Some storm victims get tax extension
Taxpayers in West Virginia, Rhode Island and Massachusetts have until May 11 to file federal returns.
The federal tax filing deadline is less than two weeks away, but some taxpayers who have other things on their minds, such as coping with recent storm damage, are getting a bit of a break from the IRS.
The tax agency has decided to give some victims of March's severe storms and flooding in West Virginia, Rhode Island and Massachusetts more time to get their taxes done.
The IRS made the decision after Obama last week declared major disasters in portions of those three states. Now taxpayers who live or have businesses in certain storm-ravage counties in West Virginia, Rhode Island and Massachusetts have until May 11 to file their federal returns.

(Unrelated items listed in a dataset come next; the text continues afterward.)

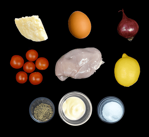 Then layer all the ingredients in the following order: chicken, eggs, cheese, tomatoes with onions. Each layer (except the top) is spread with mayonnaise.
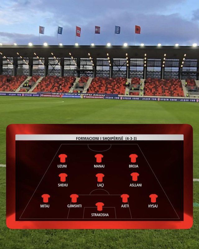 Ndryshimi i vetëm vjen nga krahu i majtë i sulmit, aty ku nuk do të jetë as Bajrami dhe as Hoxha, por Myrto Uzuni, ndërsa krahu i djathtë i është besuar Brojës.
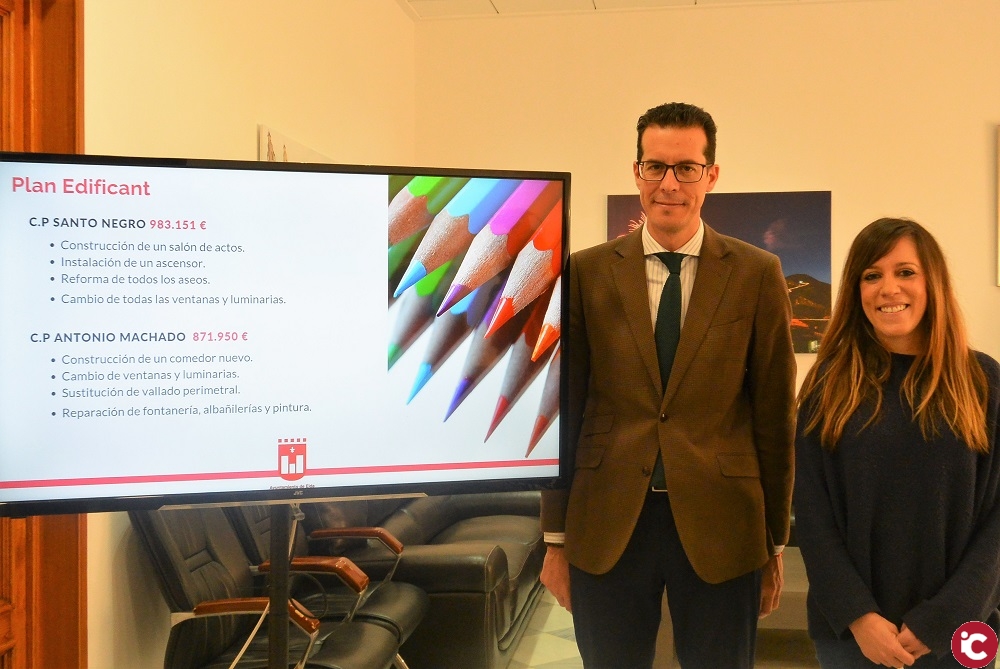 El alcalde de Elda, Rubén Alfaro, junto con la concejala de Educación, Laura Rizo, ha anunciado la adhesión de dos nuevos centros al Plan Edificant: el C.P Santo Negro y el C.P Antonio Machado.
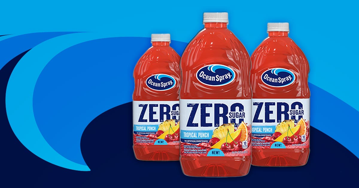 Farmer-owned cooperative Ocean Spray has grown its Zero Sugar line extension with the launch of Ocean Spray Zero Sugar Tropical Punch Juice Drink. Like the brand’s other Zero Sugar flavors, Cranberry and Mixed Berry, the new beverage is sweetened with stevia leaf extract. Ocean Spray Zero Sugar Tropical Punch Juice Drink is available nationwide on Amazon and Walmart.com with a SRP of $3-4 per 64 oz. bottle. For more information, visit oceanspray.com.
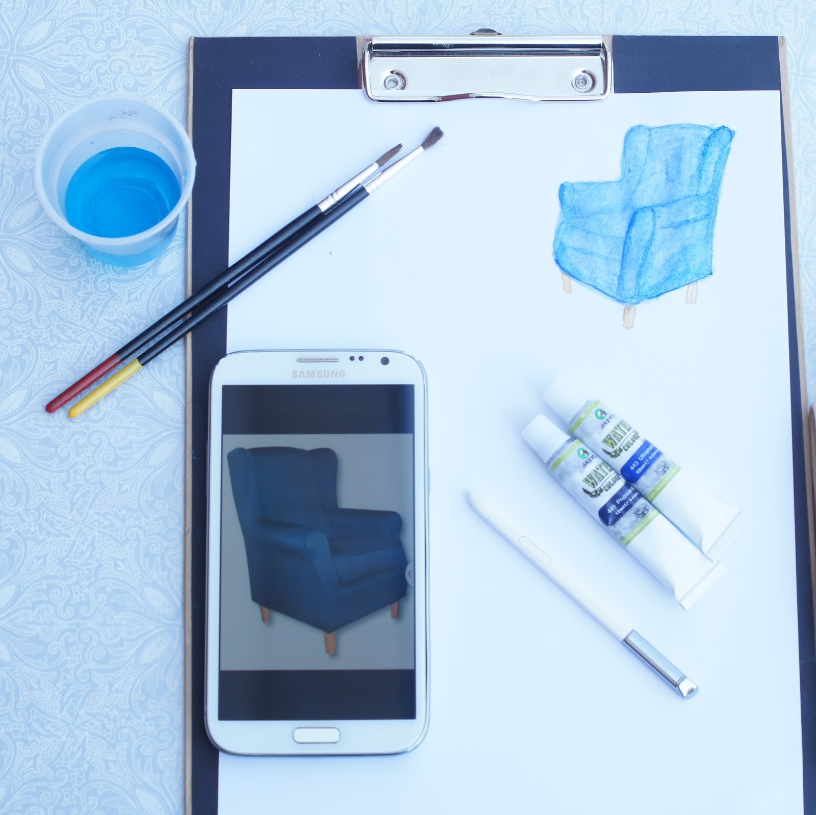 Byłam przekonana w 100% do granatowego fotela, ale w momencie, gdy projekt się zmieniał pomyślałam, że taki żółty fotel może ożywić wnętrze:

Other types of tax relief, such as contributing to individual retirement accounts, also have been granted to affected filers in those states. And the IRS will waive failure to deposit penalties for employment and excise deposits due on or after March 12 and on or before March 29, as long as businesses made the deposits by March 29.
The IRS says its computer systems will automatically identify taxpayers located in the covered disaster areas and apply automatic filing and payment relief.
If, however, you do get a penalty notice, call the telephone number on the notice to have the IRS abate any interest and any late filing or late payment penalties that would otherwise apply.
Other storms, no tax relief: And yes, the prez also last week declared major disasters for winter storm damage in Delaware and New Hampshire, but the IRS has not issued any filing or tax relief changes (yet) for those states.
FEMA maintains a special disaster declarations Web page where you can track that agency's relief efforts.
IRS rulings on special tax treatment for each state and D.C. can be found at its Around the Nation Web page.
Claiming disaster losses: ln addition to the IRS' special filing relief, remember that if you suffer casualty losses, you might be able to claim them on your tax return. In presidentially declared disasters, you also can choose to file an amended return for the previous tax year.
That refiling option might be able to get you a more tax money back or get it to you sooner so you can have the cash to start making repairs.
Usually disaster claims are made by taxpayers who itemize. This year, though, folks who claim the standard deduction can add qualifying loss claims to that deduction amount. In this case, you'll need to file Schedule L.
And regardless of whether you itemize or take the standard deduction, you'll need to fill out Form 4684.